Columns » Ernest Dumas

The scholars of Clinton



What are the chances that a little town of 2,300 would produce two scholars with Ph.D.s from a university in the Islamic kingdom of the United Arab Emirates?

That's exactly what we learned last week. Clinton, county seat of Van Buren County, boasts two residents with Ph.D.s from Belford University: Dr. Johnny Rhoda, a financial planner, preacher and prominent Republican Party leader, and Dr. Maxwell Sniffingwell, a stud English bulldog who lives with a local veterinarian.

Dr. Rhoda's doctorate is in business administration; Dr. Sniffingwell's is in theriogenology, a big name for the study of animal reproduction. You see, Belford University confers hundreds of degrees every year, not on the basis of coursework but of life experiences. Max Sniffingwell maintains that he has sired far more than his share of little bulldogs.

Johnny Rhoda has been a functionary in the Republican Party — he lost badly in a race for the state Senate in 1996 and he is the party's First Congressional District chairman — but last week the party's chairman, Doyle Webb, raised his prominence by making him the plaintiff in a lawsuit against Governor Beebe and the other constitutional officers, which alleges that their use of state cars puts them over the state salary limits. The suit is supposed to provide a big lift to Republican candidates.

Outside Van Buren County we might not have known about Rhoda's great academic achievements had it not been for Tim Griffin, the Republican candidate for the U. S. House of Representatives. Before the lawsuit, Griffin put out a news release announcing that Dr. Johnny Rhoda had come on board as an adviser to run his campaign in the northern part of the district.
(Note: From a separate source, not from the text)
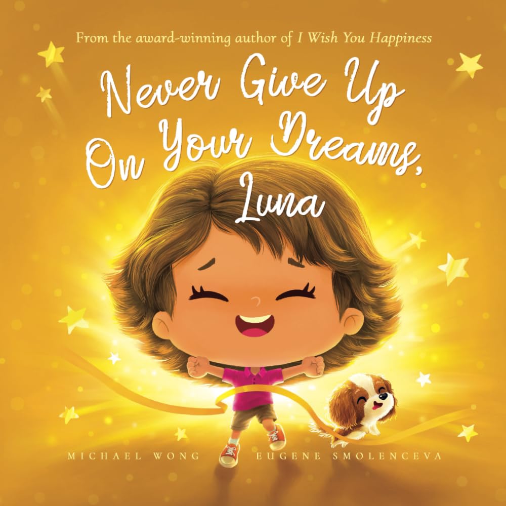 From the award-winning author of I Wish You Happiness and I Will Always Be Proud of You comes an inspiring children's picture book about never giving up on your dreams. " A superbly illustrated picturebook packed full of tips to help children grow up to be anything they want to be. Highly recommended! " (5-Star Review) — A 'Wishing Shelf' Book Review " Never Give Up On Your Dreams is a stunningly illustrated and thoughtfully written book " (5-Star Review) — David Korson, Readers' Favorite Never Give Up On Your Dreams, Luna , empowers your child or grandchild with the grit, resilience, and perseverance to never give up on their dreams in a beautiful, inspiring picture book. Show them they have the strength and courage within to achieve all their dreams. “Beautiful,” “perfect,” and “gorgeous” are how reviewers and customers describe this empowering book. Inspire your child with the incredible stories of five famous people who overcame incredible odds to achieve their dreams. Your child will have fun with our trademark "Can You Spot the Famous People?" and "Can You Spot the Dogs" activities. The gorgeous, whimsical illustrations embrace diversity and inclusion to help build a better world for our children. This beautifully illustrated picture book is a wonderful gift, whatever the occasion: birthday, graduation, adoption, or just to say, " I love you ." Never Give Up On Your Dreams is a must-have for your home or school social-emotional library. Join thousands of teachers, grandparents, and parents, and discover why so many love and recommend Michael Wong’s "Unconditional Love Series" of empowering children's picture books. There are 250 Never Give Up On Your Dreams children's books personalized with their name. Search for, " Never Give Up On Your Dreams 'name' " on Amazon.com (Canada, UK, Ireland, Australia, etc.): Aaliyah, Aaron, Abigail, Adalynn, Adam, Addison, Adeline, Adrian, Aiden, Alaia, Alexander, Alice, Allison, Amara, Amelia, Andrew, Anna, Anthony, Aria, Ariana, Ariella, Arthur, Arya, Asher, Athena, Aubrey, Audrey, Aurora, Autumn, Ava, Avery, Axel, Ayla, Beau, Bella, Benjamin, Bennett, Brielle, Brooklyn, Brooks, Caden, Caleb, Cameron, Camila, Caroline, Carson, Carter, Charles, Charlie, Charlotte, Chloe, Christopher, Claire, Clara, Colton, Connor, Cooper, Cora, Daisy, Daniel, David, Declan, Delilah, Dominic, Dylan, Easton, Eden, Eleanor, Elena, Eli, Eliana, Elias, Elijah, Eliza, Elizabeth, Ella, Elliana, Ellie, Eloise, Emery, Emilia, Emily, Emma, Emmett, Enzo, Ethan, Eva, Evelyn, Everett, Everleigh, Everly, Evie, Ezra, Faith, Florence, Freddie, Freya, Gabriel, Gabriella, George, Gianna, Grace, Grayson, Greyson, Hadley, Hailey, Harper, Harry, Hazel, Henry, Hudson, Hunter, Ian, Iris, Isaac, Isabella, Isabelle, Isaiah, Isla, Ivy, Jack, Jackson, Jacob, Jade, James, Jameson, Jaxon, Jaxson, Jayden, Jeremiah, John, Jonah, Jonathan, Jordan, Joseph, Josephine, Joshua, Josiah, Josie, Julia, Julian, Kai, Kayden, Kennedy, Khloe, Kinsley, Landon, Layla, Leah, Leilani, Leo, Leonardo, Levi, Liam, Liliana, Lillian, Lily, Lincoln, Logan, Luca, Lucas, Lucy, Luka, Luke, Luna, Lydia, Lyla, Mackenzie, Madeline, Madelyn, Madison, Maria, Mason, Mateo, Matteo, Matthew, Maverick, Maya, Melody, Mia, Micah, Michael, Mila, Miles, Milo, Myles, Naomi, Natalia, Natalie, Nathan, Nevaeh, Noah, Nolan, Nora, Nova, Oakley, Oliver, Olivia, Oscar, Owen, Paisley, Parker, Penelope, Peyton, Piper, Poppy, Quinn, Reese, Remi, Riley, River, Roman, Rose, Rosie, Rowan, Ruby, Ryan, Ryder, Rylee, Sadie, Samuel, Santiago, Sarah, Savannah, Scarlett, Sebastian, Serenity, Sienna, Silas, Skylar, Sofia, Sophia, Sophie, Stella, Theo, Theodore, Thomas, Valentina, Victoria, Violet, Vivian, Waylon, Wesley, Weston, William, Willow, Wyatt, Xavier, Zion, Zoe.

Griffin referred to him as "Dr." and explained that he had a Ph.D. in business administration from Belford University and years of successful business dealings along with pastorship of a church. The church happens to be in Rhoda's home on a county road north of Clinton. Such were his business successes that the local bank foreclosed on his home/church because he had not made mortgage payments. The home/church was auctioned by the county clerk in July but Rhoda still holds services there. (He will also ordain you as a minister, for a small fee presumably, if you answer 25 questions about the Bible on his spiritual website.)

Belford University's sole presence in the United States, as far as anyone knows, is a postoffice box in Humble, Texas. You apply for a degree on the Internet by clicking on a box that says "Order Now." You pay a fee, depending on the degree you want and whether you want to graduate with honors, which costs an extra $75. The diploma is mailed within a week from a place where it is legal, Abu Dhabi.
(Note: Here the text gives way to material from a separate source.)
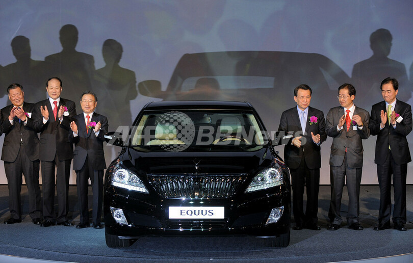 ニュース 政治・経済 現代自動車、新型「エクウス」を発表 2009年3月12日 19:17 発信地:ソウル/韓国 [ 韓国・北朝鮮 韓国 ] このニュースをシェア ‹ › ❮ 2/4 ❯ 韓国・ソウル(Seoul)で、現代自動車(Hyundai Motor)の高級セダンの新型「エクウス(Equus)」の発表会に出席した同会社の鄭夢九(チョン・モング、Chung Mong-Koo)会長(左)と韓国の韓昇洙首相(ハン・スンス、Han Seung-Soo、右から3人目)。(c)AFP/JUNG YEON-JE 画像作成中 ! 【3月12日 AFP】韓国の自動車大手現代自動車(Hyundai Motor)はソウル(Seoul)で11日、高級セダンの新型「エクウス(Equus)」を発表した。3.8リットルエンジンと4.6リットルエンジンを搭載している。国内販売予定価格は6370万-1億520万韓国ウォン (約410万-680万円)。「エクウス」は中国、アフリカ、中東でも販売される予定。(c)AFP 政治・経済 一覧へ> メディア・報道関係・法人の方向け 写真・動画 購入のお問合せ>

Belford U. got extra notoriety this week when Dr. Ben Mays, a Clinton veterinarian, posted his bulldog Maxwell Sniffingwell's 2009 Ph.D. from Belford U., which cost him $549. Max's owner, a member of the state Board of Education, is on a small crusade to stop people from duping clients by advertising phony academic achievements. Arkansas is one of the places where it is still legal to gull clients that way.
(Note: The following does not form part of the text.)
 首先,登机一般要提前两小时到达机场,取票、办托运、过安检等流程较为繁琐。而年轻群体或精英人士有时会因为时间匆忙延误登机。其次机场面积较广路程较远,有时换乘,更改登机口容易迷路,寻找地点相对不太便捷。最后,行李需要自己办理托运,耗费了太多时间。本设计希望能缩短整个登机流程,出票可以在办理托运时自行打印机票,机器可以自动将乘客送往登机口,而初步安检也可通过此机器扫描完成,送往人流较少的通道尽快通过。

Dr. Rhoda and Dr. Sniff will have to serve as Arkansas's entry in the fake resume sweepstakes. From the Connecticut Senate race, where one candidate had to backtrack on his hints that he had fought in Vietnam, to Christine O'Donnell's serial fabrications in Delaware, the election season has been marked by candidates getting caught in lies about their past and their qualifications.

In Arkansas, we have had to deal with only the usual petty exaggerations. Griffin, who fed us Rhoda's puffery, has had to scrub up his vitae from time to time. He had boasted that he had prosecuted 40 criminal cases during a stint as a Reservist at Fort Campbell, Ky. The Army said, however, that he had been an assistant counsel and only on three cases, none of which went to trial. Now his vitae says only that he worked on the case of a private who pleaded guilty to trying to kill his platoon sergeant.

Early resumes mentioned Griffin's work for Prosecuting Attorney Betty Dickey at Pine Bluff in 1996, when he managed her losing race for attorney general. Dickey nosedived when it was revealed that the courts had dropped charges against more than 90 persons because her office missed the speedy trial deadlines for trying them. That duty has been scrubbed from Griffin's life story. He was working for the government in Washington then.

For a guy whose career was spent trashing politicians of the other party, you could say those are trivial sins.